The Provider reserves the right to amend these Terms at any time, provided this is reasonable for the User.

Amendments will be communicated to the User at least 30 days before they take effect via email to the address stored in the account.

If the User does not object to the amended Terms within 30 days of receipt of the notification, the amended Terms shall be deemed accepted. The Provider will specifically draw the User's attention to this consequence in the amendment notification.

If the User objects to the amendments in due time, the Provider may terminate the contractual relationship extraordinarily.

§ 12 – Applicable Law and Jurisdiction


These Terms and all legal relationships between the Provider and the User are exclusively governed by the law of the Republic of Austria, excluding the UN Convention on Contracts for the International Sale of Goods (CISG).

The place of jurisdiction for all disputes arising from or in connection with this contract is the Provider's place of business, provided the User is an entrepreneur, a legal entity under public law or a special fund under public law.

For consumers within the meaning of the Austrian Consumer Protection Act, the statutory provisions on jurisdiction apply.

§ 13 – Final Provisions


Should individual provisions of these Terms be or become invalid or unenforceable, the validity of the remaining provisions shall remain unaffected (severability clause).

In place of the invalid or unenforceable provision, a valid provision shall be deemed agreed which comes closest to the economic purpose of the invalid provision.

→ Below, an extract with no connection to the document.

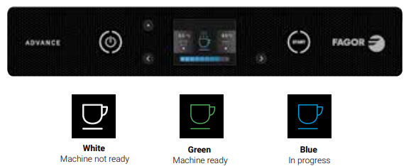 - Осветени бутони и многоцветен бутон СТАРТ, който променя цвета си в зависимост от състоянието на машината.

The Provider is entitled to transfer the rights and obligations arising from this contractual relationship in whole or in part to an affiliated company. The Provider will inform the User of this immediately, but at least four weeks before the planned transfer, in text form. In this case, the User has the right to object to the transfer of the contract within this period. In the event of an objection, the contractual relationship ends at the time of the planned transfer.

Amendments and supplements to these Terms require written form to be effective, unless expressly agreed otherwise. This also applies to the waiver of this written form requirement.

There are no collateral agreements to this contract. Oral assurances are only valid if confirmed in writing.